## SOURCE DATA
################

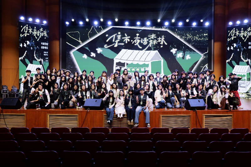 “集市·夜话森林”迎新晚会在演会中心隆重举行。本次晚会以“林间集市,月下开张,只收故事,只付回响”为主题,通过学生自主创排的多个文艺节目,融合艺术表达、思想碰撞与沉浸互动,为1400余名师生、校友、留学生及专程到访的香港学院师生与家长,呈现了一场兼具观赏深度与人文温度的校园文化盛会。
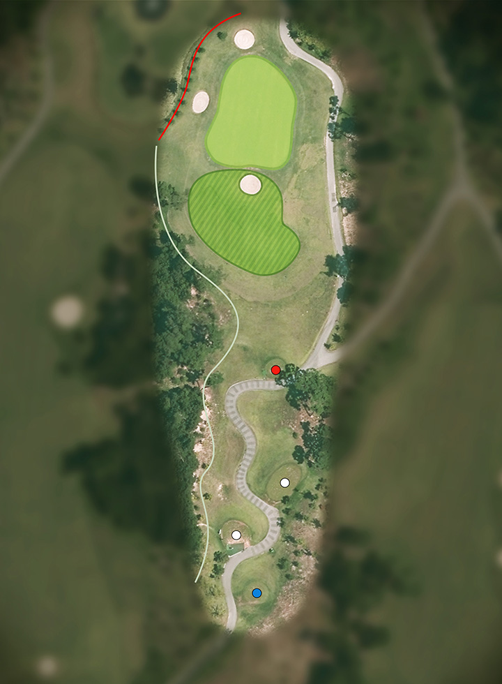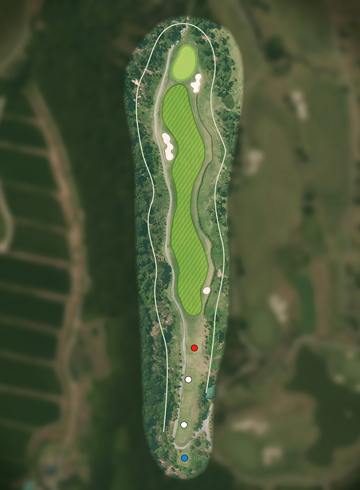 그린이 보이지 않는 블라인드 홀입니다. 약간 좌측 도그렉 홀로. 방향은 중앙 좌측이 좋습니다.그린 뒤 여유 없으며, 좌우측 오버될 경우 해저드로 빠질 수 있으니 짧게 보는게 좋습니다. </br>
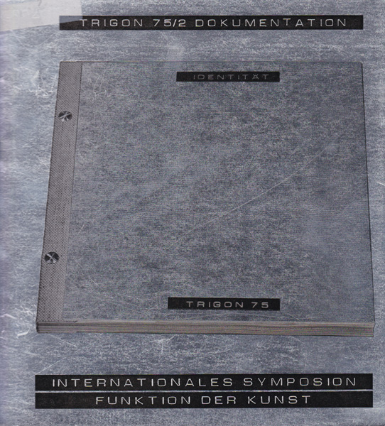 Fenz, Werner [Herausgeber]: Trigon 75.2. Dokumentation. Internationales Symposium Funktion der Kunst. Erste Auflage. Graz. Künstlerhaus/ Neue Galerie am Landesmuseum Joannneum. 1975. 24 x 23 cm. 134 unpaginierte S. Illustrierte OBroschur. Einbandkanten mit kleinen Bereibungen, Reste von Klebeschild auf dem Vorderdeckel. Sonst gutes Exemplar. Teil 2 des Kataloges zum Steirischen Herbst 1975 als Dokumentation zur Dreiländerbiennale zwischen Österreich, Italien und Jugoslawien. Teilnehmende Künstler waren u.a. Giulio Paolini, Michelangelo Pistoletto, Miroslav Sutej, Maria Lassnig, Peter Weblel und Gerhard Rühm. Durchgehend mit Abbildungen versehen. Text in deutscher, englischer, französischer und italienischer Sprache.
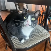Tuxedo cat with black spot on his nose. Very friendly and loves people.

################

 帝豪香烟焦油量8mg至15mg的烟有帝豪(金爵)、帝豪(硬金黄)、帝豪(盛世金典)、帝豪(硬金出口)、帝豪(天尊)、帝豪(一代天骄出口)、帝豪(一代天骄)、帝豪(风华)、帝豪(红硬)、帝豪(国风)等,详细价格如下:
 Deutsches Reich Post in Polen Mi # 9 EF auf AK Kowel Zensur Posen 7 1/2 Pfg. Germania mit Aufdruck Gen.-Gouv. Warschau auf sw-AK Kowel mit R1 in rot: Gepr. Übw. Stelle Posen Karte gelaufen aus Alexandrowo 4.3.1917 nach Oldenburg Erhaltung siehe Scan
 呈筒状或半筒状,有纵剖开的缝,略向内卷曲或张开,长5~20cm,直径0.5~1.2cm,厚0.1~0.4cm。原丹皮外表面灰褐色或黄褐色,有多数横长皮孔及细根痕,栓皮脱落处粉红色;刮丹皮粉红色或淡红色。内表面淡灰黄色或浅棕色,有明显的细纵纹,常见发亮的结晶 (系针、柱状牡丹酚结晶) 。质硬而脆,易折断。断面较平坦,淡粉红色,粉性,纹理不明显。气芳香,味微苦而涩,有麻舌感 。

################

What you give back should be only the lines of the records above, starting at the line with "帝豪香烟焦油量8mg至15m" and ending at the line with "(系针、柱状牡丹酚结晶) 。质硬而脆,易折断。断面较平坦,淡粉红色,粉性,纹理不明显。气芳香,味微苦而涩,有麻舌感 。", restated word for word.

 帝豪香烟焦油量8mg至15mg的烟有帝豪(金爵)、帝豪(硬金黄)、帝豪(盛世金典)、帝豪(硬金出口)、帝豪(天尊)、帝豪(一代天骄出口)、帝豪(一代天骄)、帝豪(风华)、帝豪(红硬)、帝豪(国风)等,详细价格如下:
 Deutsches Reich Post in Polen Mi # 9 EF auf AK Kowel Zensur Posen 7 1/2 Pfg. Germania mit Aufdruck Gen.-Gouv. Warschau auf sw-AK Kowel mit R1 in rot: Gepr. Übw. Stelle Posen Karte gelaufen aus Alexandrowo 4.3.1917 nach Oldenburg Erhaltung siehe Scan
 呈筒状或半筒状,有纵剖开的缝,略向内卷曲或张开,长5~20cm,直径0.5~1.2cm,厚0.1~0.4cm。原丹皮外表面灰褐色或黄褐色,有多数横长皮孔及细根痕,栓皮脱落处粉红色;刮丹皮粉红色或淡红色。内表面淡灰黄色或浅棕色,有明显的细纵纹,常见发亮的结晶 (系针、柱状牡丹酚结晶) 。质硬而脆,易折断。断面较平坦,淡粉红色,粉性,纹理不明显。气芳香,味微苦而涩,有麻舌感 。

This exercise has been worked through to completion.